To efficiently find the count of null and NaN values for each column in a PySpark DataFrame, you can use a combination of built-in functions from the `pyspark.sql.functions` module like `isnull()`, `isnan()`, `sum()`, and `col()`. Here’s a detailed explanation and a step-by-step guide on how to achieve this:
Step-by-Step Guide
Let’s say you have a Spark DataFrame named `df`.
1. Sample Data
Firstly, let’s create a sample DataFrame with some null and NaN values:
from pyspark.sql import SparkSession
from pyspark.sql.functions import lit
import numpy as np
# Initialize Spark session
spark = SparkSession.builder.master("local").appName("NullNanCount").getOrCreate()
# Create a DataFrame with null and NaN values
data = [
(1, float('nan'), 3, None),
(2, 2, None, 'a'),
(None, float('nan'), None, 'b'),
(4, None, 6, None)
]
columns = ["col1", "col2", "col3", "col4"]
df = spark.createDataFrame(data, columns)
df.show()
+----+----+----+----+
|col1|col2|col3|col4|
+----+----+----+----+
| 1.0| NaN| 3.0|null|
| 2.0| 2.0|null| a|
|null| NaN|null| b|
| 4.0|null| 6.0|null|
+----+----+----+----+
2. Counting Null and NaN Values for Each Column
To count the null and NaN values for each column, you can use the following code:
from pyspark.sql.functions import col, isnull, isnan, sum
# Create a dictionary to store the count of null and NaN values for each column
null_nan_counts = {}
for column in df.columns:
null_count = df.filter(isnull(col(column))).count()

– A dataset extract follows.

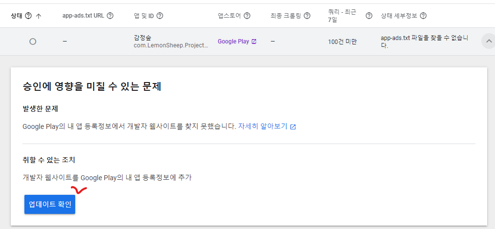 app-ads.txt 파일을 찾을 수 없습니다. 의 오른쪽 화살표를 눌러 아래쪽으로 펼친 후 업데이트 확인을 누르면 수동으로 체크가 가능하다.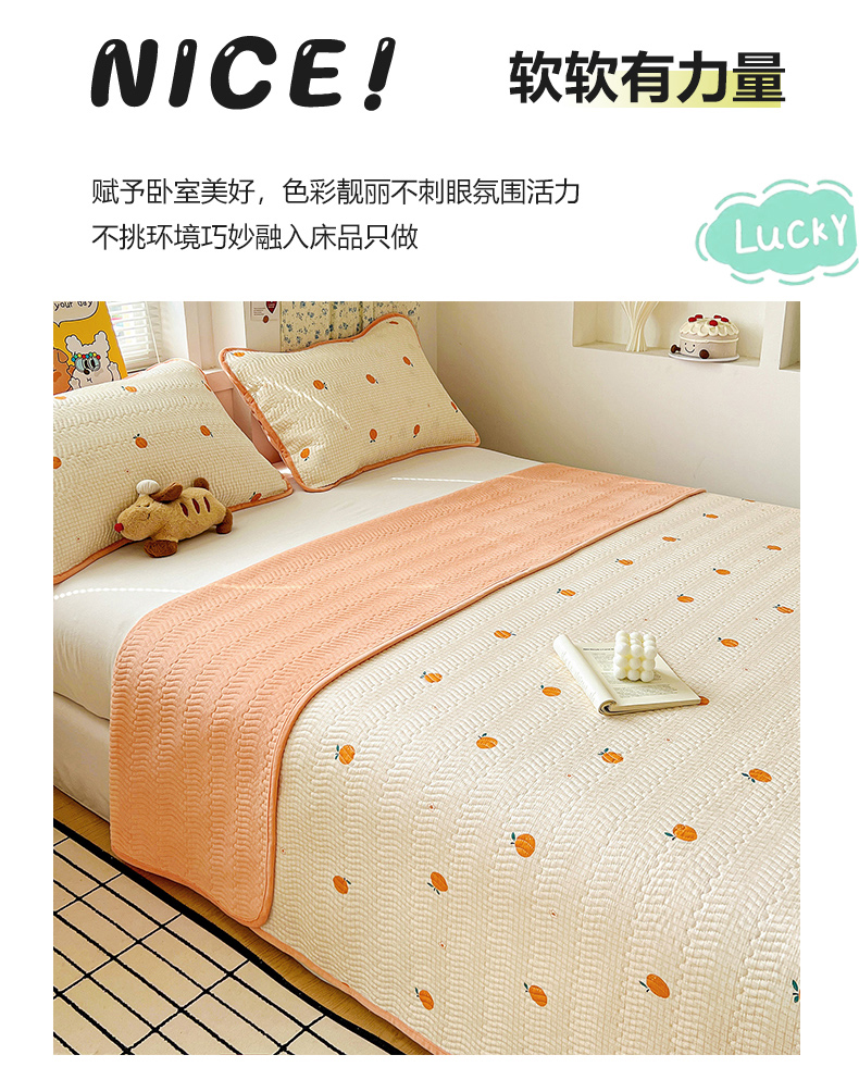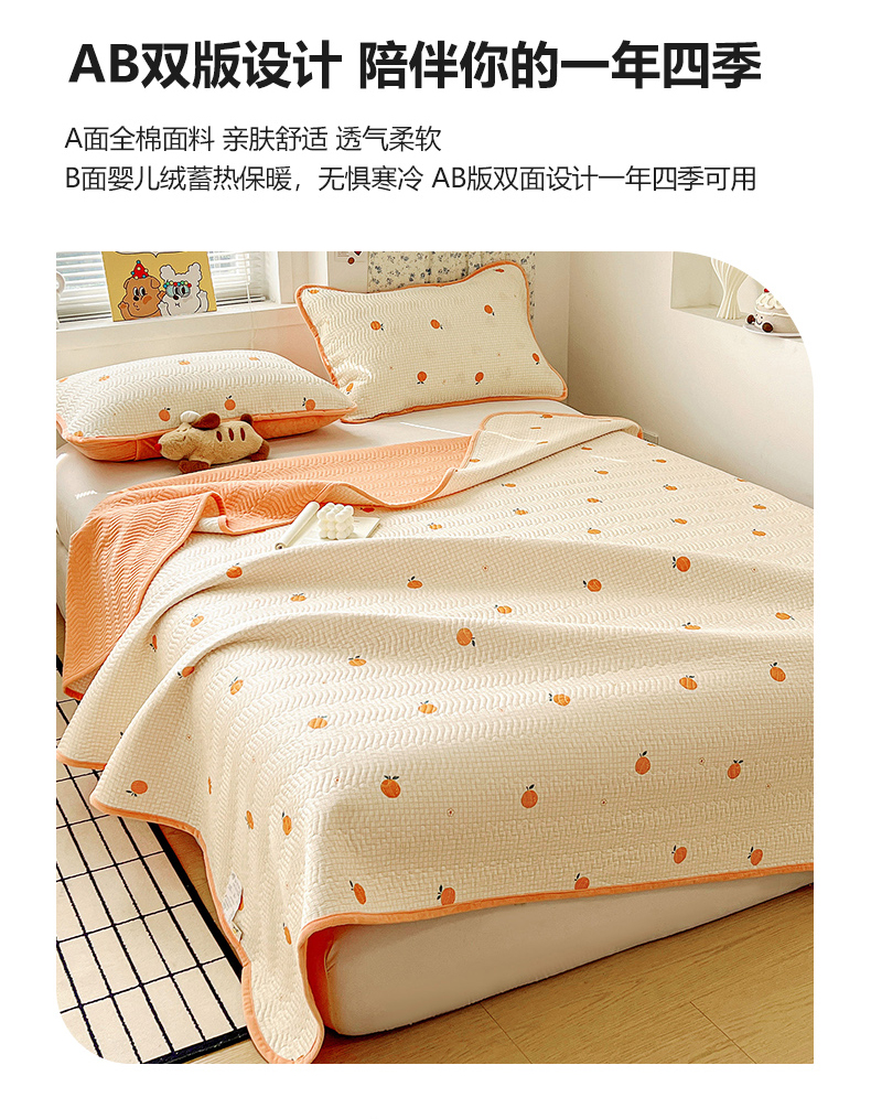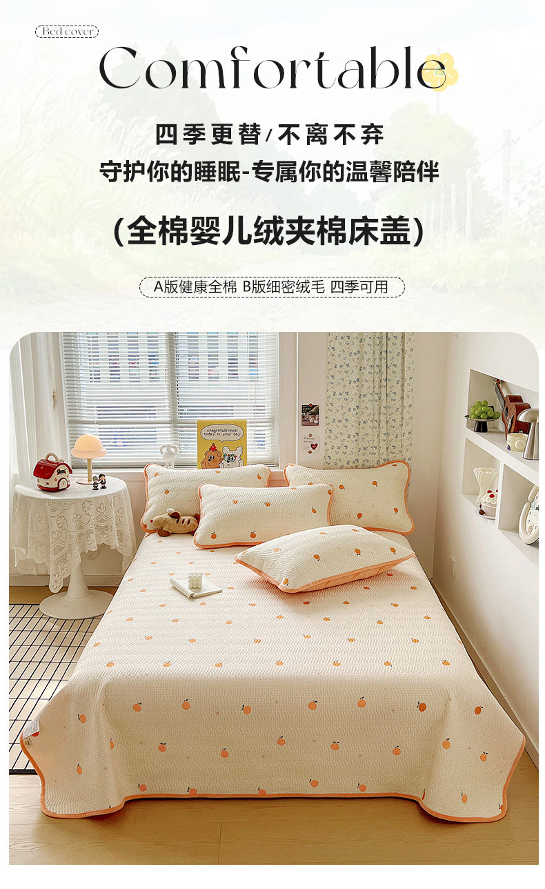 • 91家纺网 家纺一手货源 找家纺 梦精灵 2025新款棉加绒床盖全棉学生床夹棉床盖双面可用纯棉床单(棉加绒枕套) 棉加绒-甜桔

nan_count = df.filter(isnan(col(column))).count() if df.select(column).dtypes[0][1] == 'double' else 0
total_count = null_count + nan_count
null_nan_counts[column] = total_count
# Show the result
for column, count in null_nan_counts.items():
print(f"Column '{column}' has {count} null/NaN values.")
Column 'col1' has 1 null/NaN values.
Column 'col2' has 3 null/NaN values.
Column 'col3' has 2 null/NaN values.
Column 'col4' has 2 null/NaN values.
Explanation
1. **Initialize Spark Session:** We start by initializing a Spark session.
2. **Create DataFrame:** We create a sample DataFrame with columns `col1`, `col2`, `col3`, and `col4` that contain some null and NaN values.
3. **Filter and Count Null/NaN Values:**
– We iterate over each column of the DataFrame.
– For null values, we use `isnull()`.
– For NaN values, we use `isnan()` on double-type columns. Note that `isnan()` applies only to columns with double data type, hence the additional check using `dtypes`.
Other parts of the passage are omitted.